To time everything it’s helpful to have a tabata app – I downloaded a free one from my phone’s app store and it works perfectly. It lets me know when it’s moving from rest period to active period and so forth. I also keep a notebook with me with the exercises I want to perform written out and I keep track of how many reps I did during each active period.

P.S. I’m no personal trainer, so this workout is something that I created with no real expertise other than years of working out.

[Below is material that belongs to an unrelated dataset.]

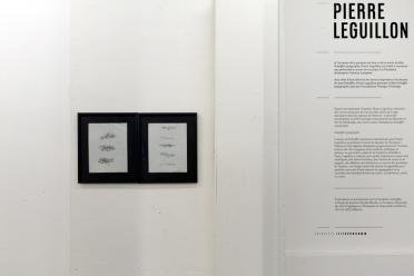 Cette publication, présentée dans le cadre du programme de préfiguration et exposée du 11 au 14 décembre 2013 fut augmentée d’un journal filmé dans lequel l’artiste déchiffrait à voix haute les carnets, lettres, affiches et invitations réalisés par le peintre. Ainsi l’impression des dessins des Galeries Lafayette ont rappelé d’emblée combien le magasin a fasciné les créateurs tout au long du siècle, augurant encore de possibles collaborations.“DUBUFFET TYPOGRAPHE”Pierre Leguillon réactive depuis quinze ans des œuvres majeures du XXe siècle qu’il juge paralysées dans l’histoire. Artiste, curateur, professeur, photographe et critique, il est lui-même un et plusieurs auteurs. Ce décuplement de personnalité se résout dans le livre, la forme la plus à même de prendre en charge la genèse, le développement et l’émancipation d’une création. « Une proposition qui émane de moi (...) veut, que tout, au monde, existe pour aboutir à un livre » écrivait Mallarmé dans les Divagations.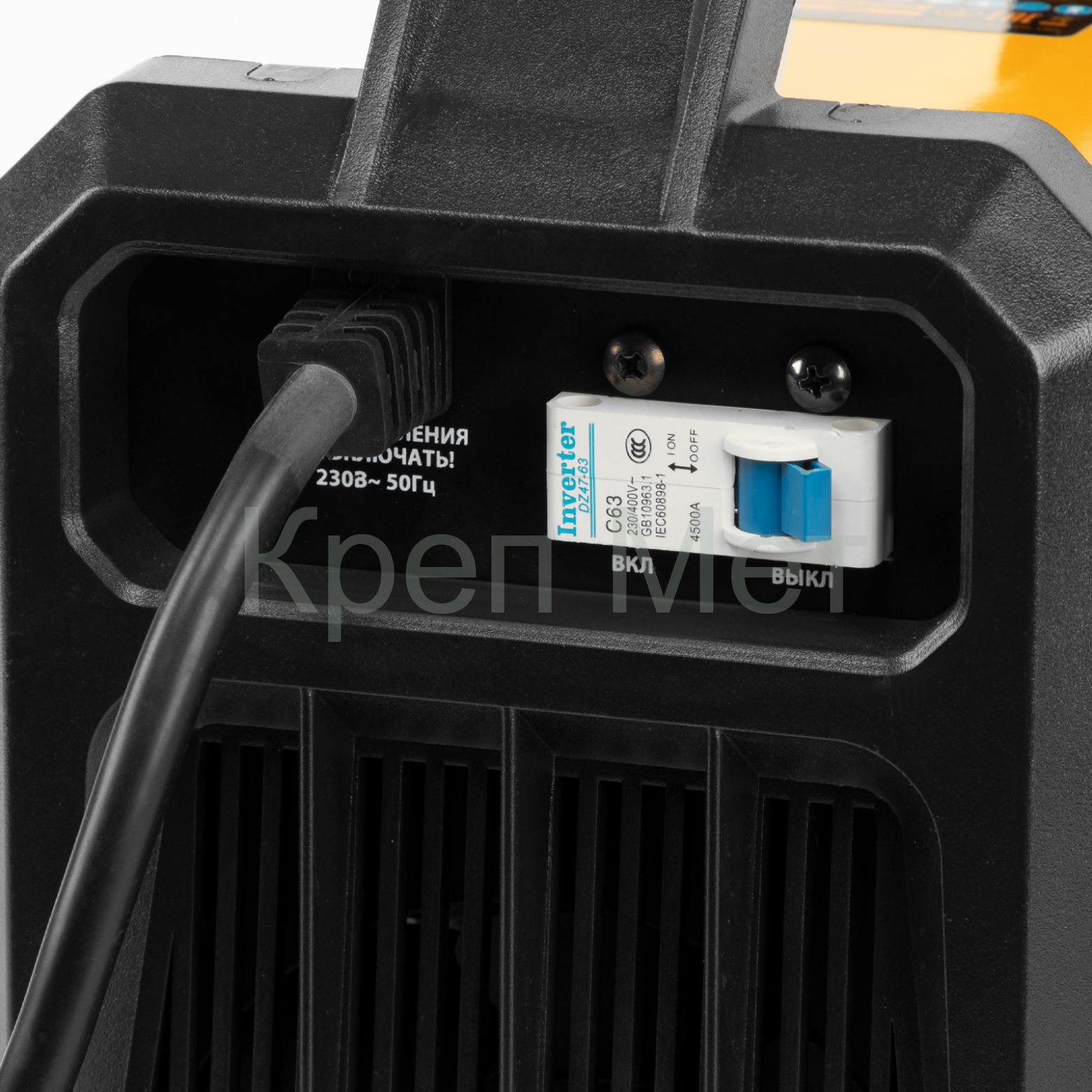 - Контроль рабочих параметров — на панели управления имеется цифровой дисплей, отображающий текущее значение сварочного тока.

This is one of the upper body/ab tabata workouts that I do that requires little equipment, which makes it perfect for working out at home or traveling. All you need is a set of free weights, a tabata timer, and a notebook:

Upper Body/Core Tabata Workout

Happyhealthyrunner.com

Pushups

Crunches

Bicep Curls

Toe Touch Crunches

Side Raises

Plank

Hammer Curls

Right Side Plank

Chest Press

Left Side Plank

Dumbbell Rows from Plank Position

Reverse Crunches

Perform as many reps of each move for 30 seconds and rest for 15 before moving onto the next move.

Repeat the circuit 2-3 times

This really makes the time fly by while you’re working out, which is perfect for someone like me who gets bored easily clip_image006 Hopefully if you give it a try you’ll enjoy it as much as I do!

Thanks friend for letting me take over your blog!